Considerable hematological changes, following experimental infection with A.salmonicida were observed in the present study. Fish in infected group showed significantly lower RBC values in 7th and 21th days. Significantly lower hematocrit values noted from the 7th day to the end of the experimental infection, a significant decrease in hemoglobin concentrations in infected fish were reported only in 21th day. The results indicated that the total numbers of RBC, Hgb and hematocrit percentages were affected by the experimental infection. Similarly decreased RBC, hemoglobin and hematocrit values in cultured Nile tilapia, infected with Aeromonas bacteria (Lema et al., 2021), in rainbow trout infected with Aeromonas species (Řehulka, 2002) and in common Carp, infected with A. hydrophila (Harikrishnan et al., 2003) were previously reported. Significant decrease, observed in red blood parameters, such as erythrocyte count, hemoglobin concentration and hematocrit values are considered as the signs of anemia (Witeska, 2015). In the present study, although a decreasing tendency reported for RBC values, and hematocrit percentages in all days due to the influence of infection, significantly lower values of all these three parameters, RBC, hematocrit and hemoglobin together, that indicates an anemia in infected fishes only occurred 21 days post infection.

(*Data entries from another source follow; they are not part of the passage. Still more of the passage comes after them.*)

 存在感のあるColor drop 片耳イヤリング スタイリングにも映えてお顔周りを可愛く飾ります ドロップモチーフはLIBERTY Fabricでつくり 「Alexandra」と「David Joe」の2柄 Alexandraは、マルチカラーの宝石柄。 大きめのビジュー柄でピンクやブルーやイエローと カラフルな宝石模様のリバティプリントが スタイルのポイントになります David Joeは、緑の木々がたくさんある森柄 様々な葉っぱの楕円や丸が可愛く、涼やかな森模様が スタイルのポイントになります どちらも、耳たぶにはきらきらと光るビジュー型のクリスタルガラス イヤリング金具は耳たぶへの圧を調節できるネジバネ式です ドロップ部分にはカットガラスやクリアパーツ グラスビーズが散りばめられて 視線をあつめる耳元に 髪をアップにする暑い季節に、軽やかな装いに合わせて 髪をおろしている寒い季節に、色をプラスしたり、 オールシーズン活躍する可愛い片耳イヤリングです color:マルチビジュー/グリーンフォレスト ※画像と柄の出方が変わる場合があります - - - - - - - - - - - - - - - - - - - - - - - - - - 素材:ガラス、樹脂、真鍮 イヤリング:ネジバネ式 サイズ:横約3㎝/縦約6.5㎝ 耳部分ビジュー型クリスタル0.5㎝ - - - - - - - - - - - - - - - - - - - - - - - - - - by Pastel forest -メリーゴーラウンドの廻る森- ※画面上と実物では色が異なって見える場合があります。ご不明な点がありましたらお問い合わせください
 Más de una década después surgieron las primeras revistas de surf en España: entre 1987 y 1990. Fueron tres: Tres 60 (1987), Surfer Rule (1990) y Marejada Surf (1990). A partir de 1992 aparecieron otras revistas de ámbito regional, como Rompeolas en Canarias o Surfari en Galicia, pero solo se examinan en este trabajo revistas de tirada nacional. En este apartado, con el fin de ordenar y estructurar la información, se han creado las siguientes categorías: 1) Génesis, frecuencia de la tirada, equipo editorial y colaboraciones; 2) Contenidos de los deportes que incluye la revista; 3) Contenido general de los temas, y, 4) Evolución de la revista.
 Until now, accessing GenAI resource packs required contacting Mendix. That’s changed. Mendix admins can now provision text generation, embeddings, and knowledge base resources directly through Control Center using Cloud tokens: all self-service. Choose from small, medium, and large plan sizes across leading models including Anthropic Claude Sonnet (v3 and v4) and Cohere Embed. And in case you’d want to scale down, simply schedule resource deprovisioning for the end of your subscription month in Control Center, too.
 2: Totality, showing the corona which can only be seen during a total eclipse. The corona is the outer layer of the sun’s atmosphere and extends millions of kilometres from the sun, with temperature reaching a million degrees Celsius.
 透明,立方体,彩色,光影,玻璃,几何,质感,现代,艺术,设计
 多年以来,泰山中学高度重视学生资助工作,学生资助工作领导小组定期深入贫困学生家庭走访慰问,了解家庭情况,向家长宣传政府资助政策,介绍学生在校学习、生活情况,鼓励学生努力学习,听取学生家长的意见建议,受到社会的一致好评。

In most studies, fluctuating hemoglobin concentrations in infected fish during a bacterial disease were previously reported. Witeska et al. (2007) reported a gradually decrease of hemoglobin content on day 1 in juvenile carp after infection with A. veronii bt. Sobria in two different diets tested, they also determined extremely low values for hemoglobin in both groups on day 8 which the symptoms were fully developed and finally slightly increasing values on day 15.

Following an artificial infection with E. tarda in Koi carp, a significant decrease in the total hemoglobin content in the infected group were detected on 3, 6, 9 and 12 day post infection. On the 15th day of infection, an increasing trend in hemoglobin values observed and values returned to the pre-injection level (Rajapakshe et al., 2012).

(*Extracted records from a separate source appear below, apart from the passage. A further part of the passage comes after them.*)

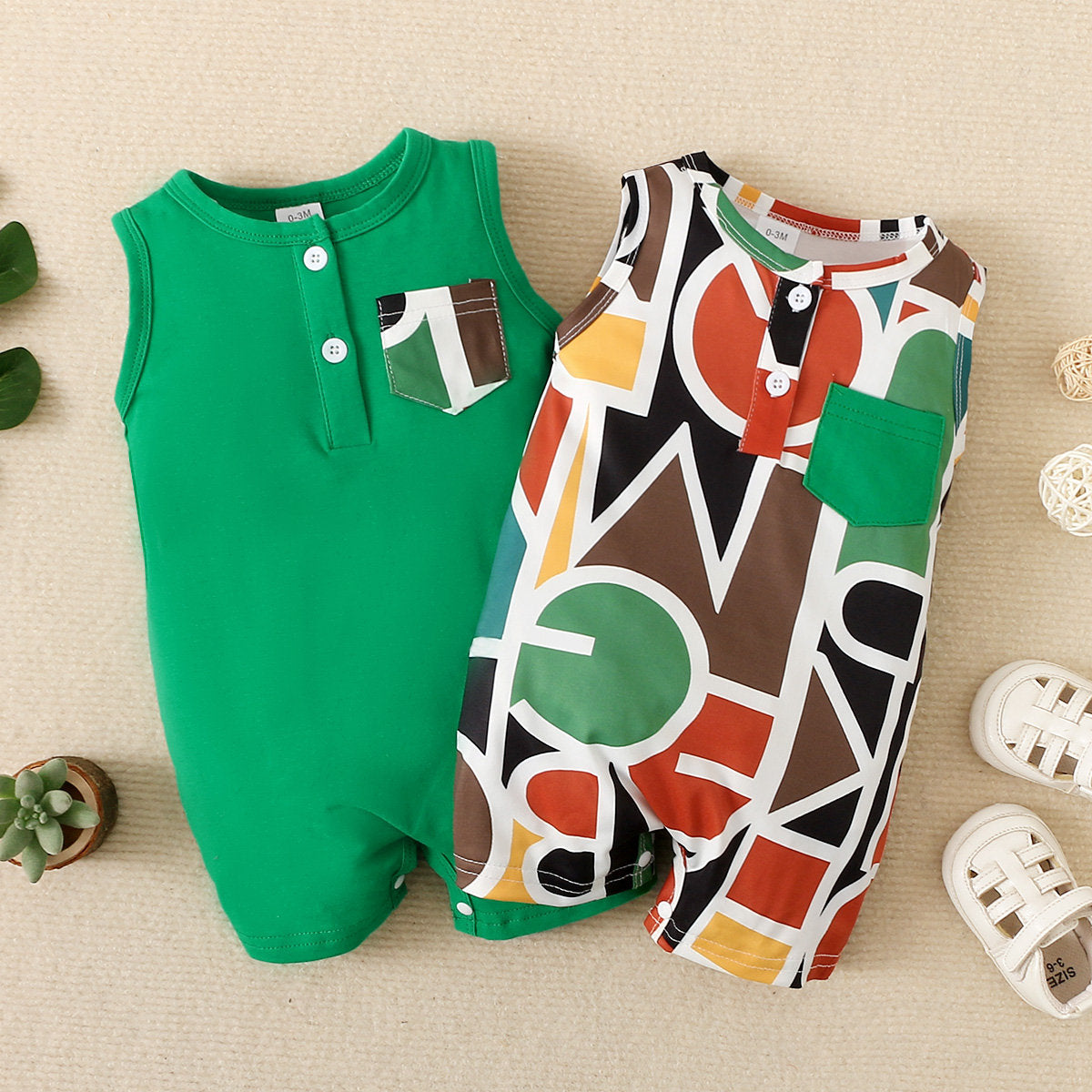 Baby Boy Cute Pocket Decor Letter Pattern Sleeveless Romper Wholesale
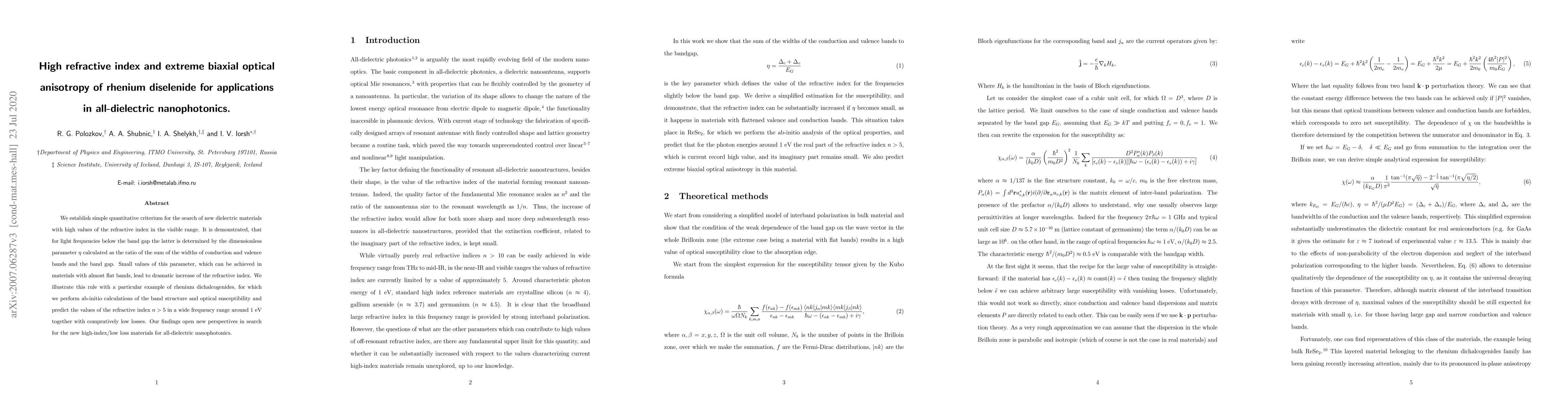 This paper proposes a quantitative criterion for identifying dielectric materials with high refractive indices, demonstrating that rhenium diselenide exhibits a refractive index greater than 5 in the visible range due to its nearly flat conduction and valence bands. The findings suggest rhenium diselenide as a promising material for all-dielectric nanophotonic applications.
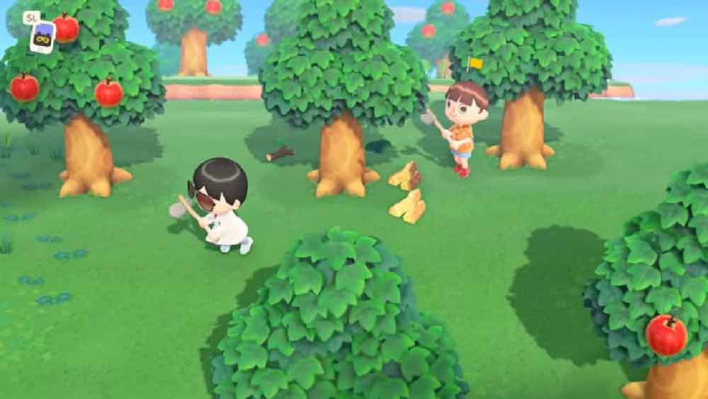 Colpire con un’accetta gli alberi vi fornirà diverse tipologie di legno con cui fabbricare oggetti mentre scuoterli a mani nude vi fornirà frutti, monete o addirittura oggetti. Se siete sfortunati vi cadrà in testa un nido di vespe ma se avete con voi il retino non tutti i mali vengono per nuocere.

The fact that the hemoglobin value increased only on the 21st day of the infection and no change was observed on the other days in the present study, could be considered as an indication that the severity of the infection in fish increased on the 21th day. Mortality, occurred on 21th day, supports this situation.

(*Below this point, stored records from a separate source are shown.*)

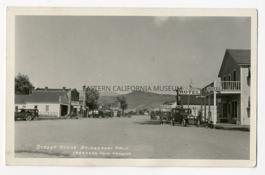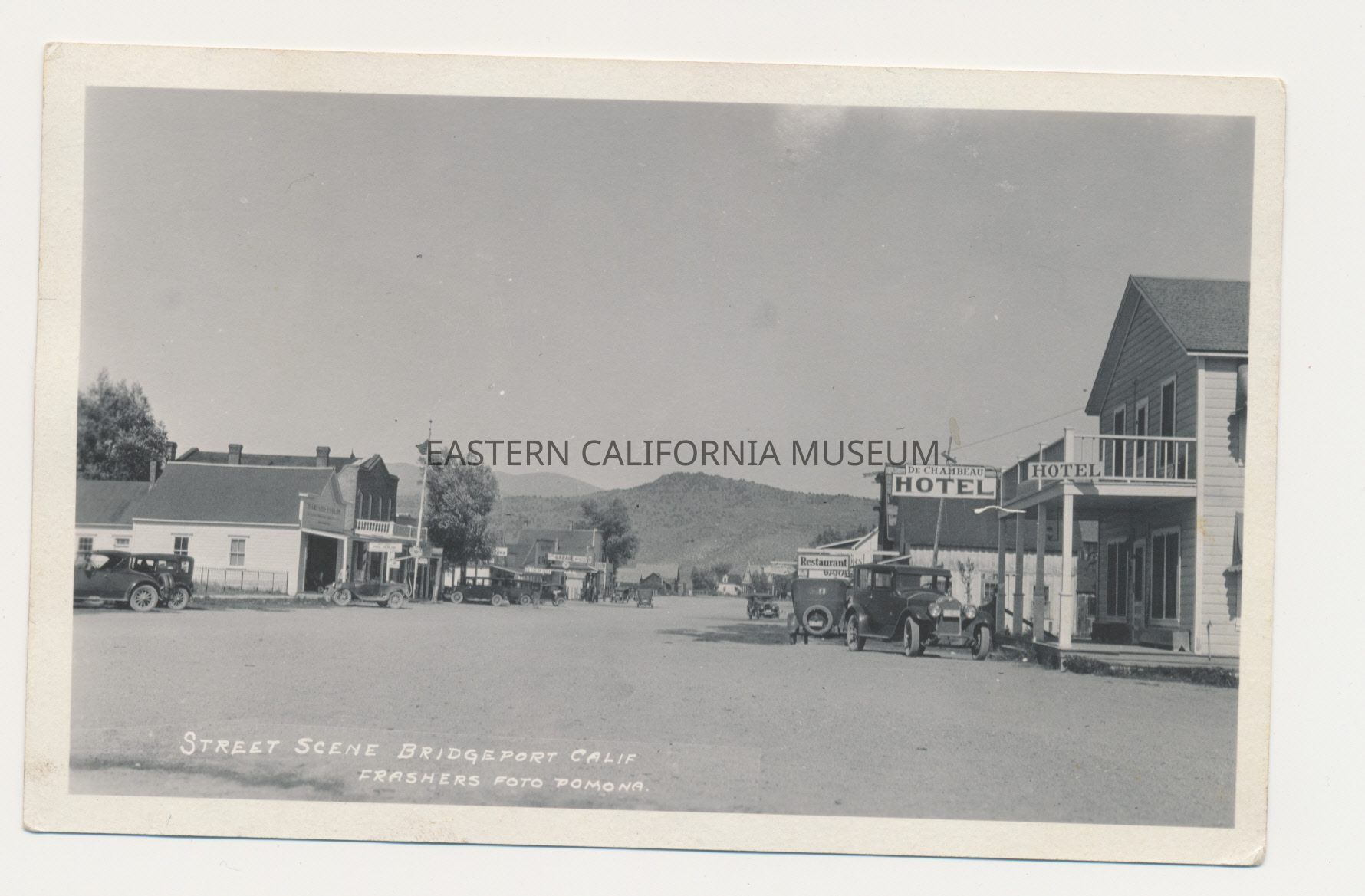 Photo postcard titled, "Street Scene, Bridgeport, Calif." taken by photographer Burton Frasher of Pomona. The De Chambeau Hotel sign is visible on the right.
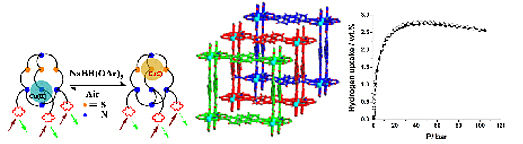 (ii) Coordination Polymers: Research activity in this emerging area of chemistry involves synthesis of coordination polymers and use them to store gases for mobile applications. In addition various other applications such as heterogeneous catalysis, separation of geometrical isomers, magnetism, proton conductance and so on are being investigated. In a major thrust, single-crystal to single-crystal (SC-SC) transformations of coordination polymers for various applications are being probed.
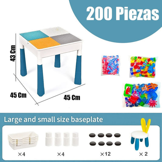 Mesa De Bloques Didactica Construccion 200 Pcs Y 2 Sillas

Regarding the erythrocyte indices, it was seen that there were significant increases in MCV and MCH values in infected fish from the seventh day to the end of the experimental infection. No significant changes in MCHC values, during the experimental period were noted. Observed hematological indices in this study indicates a macrocytic normochromic anemia in infected fish from the seventh day to the end of the disease. These findings were in correspondence with those by Altun and Diler (1999) and Aly et al. (2021) they reported a macrocytic normochromic anemia after an experimental infection with Yersinia ruckeri in rainbow trout (Onchorhynchus mykiss) and Nile tilapia (Oreochromis niloticus). Macrocytic hypochromic anemia was reported in Nile tilapia, Oreochromis niloticus in an outbreak of motile aeromonas septicemia and in rainbow trout (Oncorhynchus mykiss), experimentally infected with Pseudomonas putida (Korni et al., 2017; Bektas and Ayik, 2009). Macrocytosis and hypochromaemia also reported in brook trout Salvelinus fontinalis affected by columnaris disease (Řehulka and Minařik, 2007).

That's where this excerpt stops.